Teenage Crushes Don’t Equal Consent: Understanding Power Imbalance Between Younger Girls and Older Men BY BLOGGER BOLUWAITFE

Most people can relate to having a silly crush when they were younger, especially while going through puberty; maybe on a much older cousin, a friendly neighbor, or a teacher who smiled nicely. It’s a normal part of growing up. Teenagers often admire older people because of maturity, confidence, or the attention they receive.

But here is the truth society needs to say louder: A teenage girl’s crush NEVER gives an adult man the right, permission, or excuse to act on it. Not emotionally. Not romantically. Not sexually. Not in any way. Society needs to realize that most of the ladies in question are just discovering their feelings and they don’t even know what they want yet.

Teenagers, especially girls often experience early admiration or attraction to older figures. It can happen for many reasons:

The older person may seem confident and accomplished.

They may offer attention, advice, or kindness.

The teen may confuse admiration with romantic interest, and jormones, curiosity, and early maturity can create these intense emotions.

None of these emotions mean the teenager wants or understands  a real relationship.

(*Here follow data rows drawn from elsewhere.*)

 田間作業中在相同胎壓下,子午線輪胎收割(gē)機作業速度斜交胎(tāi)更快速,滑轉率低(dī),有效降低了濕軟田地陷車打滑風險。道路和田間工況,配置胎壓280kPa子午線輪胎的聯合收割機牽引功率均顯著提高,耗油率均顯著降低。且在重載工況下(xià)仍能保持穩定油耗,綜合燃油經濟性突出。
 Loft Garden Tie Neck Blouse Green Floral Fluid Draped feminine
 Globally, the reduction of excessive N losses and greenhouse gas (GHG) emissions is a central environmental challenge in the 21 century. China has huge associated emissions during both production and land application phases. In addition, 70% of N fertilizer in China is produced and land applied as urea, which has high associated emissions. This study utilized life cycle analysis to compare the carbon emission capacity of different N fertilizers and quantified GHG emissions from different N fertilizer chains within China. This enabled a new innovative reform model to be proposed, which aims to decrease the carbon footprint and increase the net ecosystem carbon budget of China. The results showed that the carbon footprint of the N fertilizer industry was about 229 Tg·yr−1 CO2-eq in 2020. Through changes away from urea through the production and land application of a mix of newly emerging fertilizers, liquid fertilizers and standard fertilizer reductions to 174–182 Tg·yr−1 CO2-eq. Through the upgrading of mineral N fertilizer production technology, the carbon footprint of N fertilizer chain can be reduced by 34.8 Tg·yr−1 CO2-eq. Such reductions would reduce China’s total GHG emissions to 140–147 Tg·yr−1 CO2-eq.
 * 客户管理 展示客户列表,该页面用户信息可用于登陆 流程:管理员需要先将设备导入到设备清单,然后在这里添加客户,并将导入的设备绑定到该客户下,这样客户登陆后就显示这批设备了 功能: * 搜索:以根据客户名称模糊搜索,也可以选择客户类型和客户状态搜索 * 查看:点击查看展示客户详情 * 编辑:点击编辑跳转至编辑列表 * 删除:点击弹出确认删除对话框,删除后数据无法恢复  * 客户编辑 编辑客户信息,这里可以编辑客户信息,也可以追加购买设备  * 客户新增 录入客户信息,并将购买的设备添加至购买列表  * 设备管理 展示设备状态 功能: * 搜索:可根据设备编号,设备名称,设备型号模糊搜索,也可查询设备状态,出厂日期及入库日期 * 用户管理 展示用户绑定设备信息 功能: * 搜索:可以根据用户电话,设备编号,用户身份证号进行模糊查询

I’ve heard cases of adult men claiming the lady in question came on to them first, thereby prompting them to act!! Teenage crushes are emotional, surface-level, and based on limited life experience. Adults, on the other hand, have full cognitive maturity. They understand consequences, manipulation, power, and sex. That difference alone places the responsibility firmly on the adult.

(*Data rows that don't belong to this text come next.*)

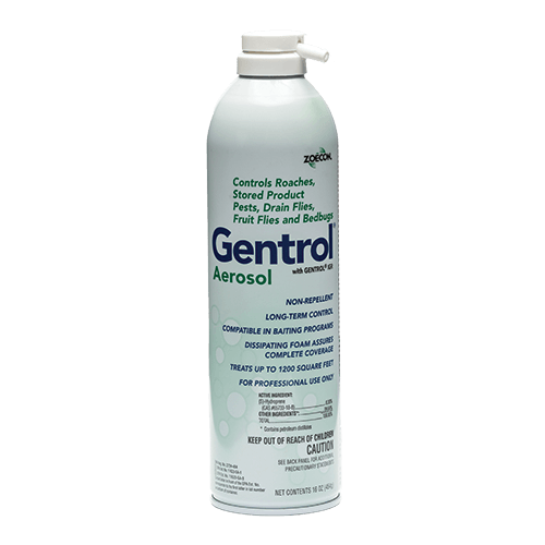 Gentrol IGR Aerosol is an insect growth regulator that can be used to target pests in hard to reach areas. The foam that comes out will dissipate so when applying, use it in a sweeping motion. This stunts the growth of cockroaches and bedbugs. Can be used for drain flies, fruit flies and pantry pests.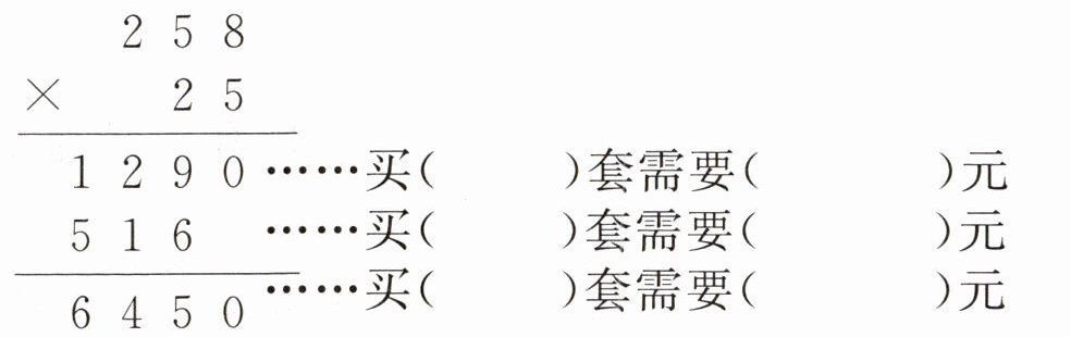 (1)如果买25套第一种图书,一共需要多少钱? 在下面括号里填上合适的数。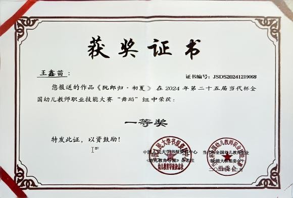 1.2024年第二十五届“当代杯”全国幼儿教师职业技能大赛“舞蹈”组选送作品《阮郎归.初夏》荣获国家一等奖。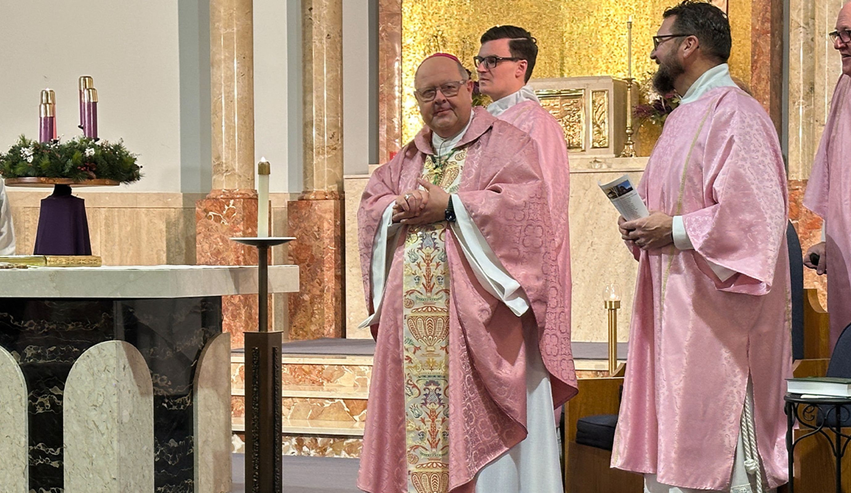 The bishop asked the congregation about the strength of their faith and encouraged them to heed Jesus’ call to “come, follow me.”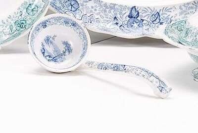 Historical light blue transferware ladle thomas godwin, burslem, 1834-1854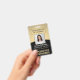**Please note that the background is printed to look metallic, but the product is not made of metal and is not foil.** Represent your business in style by supplying staff with with modern and professional identification badges. The Logo, photo, bar code and all wording on this template are all simple to customize. The black and gold design features a faux metallic background with an elegant curved arc, your company logo, one square picture, employee name and title, and UPC / barcode on back. It can provide organization and security for company staff, while presenting the corporate branding with a stylish classic appearance. Please note that gold is printed color, not metallic foil.

Even if a girl looks “mature,” dresses older, speaks confidently, or “acts grown,” that does not mean she’s grown, she is still developing emotionally, mentally, and psychologically.This imbalance means she cannot fully understand or consent, while the adult fully can. That is why the law, psychology, and basic morality agree that the adult holds 100% of the responsibility. Always.

A teenager liking someone is not an invitation.

It does not make her responsible.

It does not make her mature enough.

It does not make the situation equal.

Children often “like” cartoon characters, celebrities, teachers, and uncles, that doesn’t mean they understand relationships or consent.

Adults who act on a minor’s crush are not responding to love; they are abusing their power, taking advantage of naivety, and violating trust.

A responsible adult should immediately recognize a teen’s crush and gently but firmly maintain boundaries. This includes:

Avoiding private or intimate conversations

Avoiding compliments that can confuse the child

Not giving special attention

Keeping interactions respectful but distant

Refusing to entertain flirtation

Speaking to guardians when necessary

A mature adult understands that children’s feelings are not a green light. They are a signal to step back.

In many African societies, older men flirting with teenagers is still treated as “normal” or “not that deep.” Older men call young girls “their wives”. Some people even blame young girls for “dressing grown” or “acting mature.”

But here’s the truth society must accept:

A minor can NEVER be responsible for an adult’s behavior.

Not by dressing.

Not by talking.

Not by walking.

Not by having a crush.

Not by being friendly.

Not by being curious.

Communities must stop protecting adults at the expense of children’s safety.

A teenage girl’s crush is not consent.

It is not permission.

It is not maturity.

It is not a signal.

It is simply a normal part of adolescence, and a responsible adult will stay FAR away and maintain clear boundaries.

For a safer society, we must teach two things loudly:

Teenagers deserve protection. Adults must act responsibly. Power imbalance is not love, it is danger.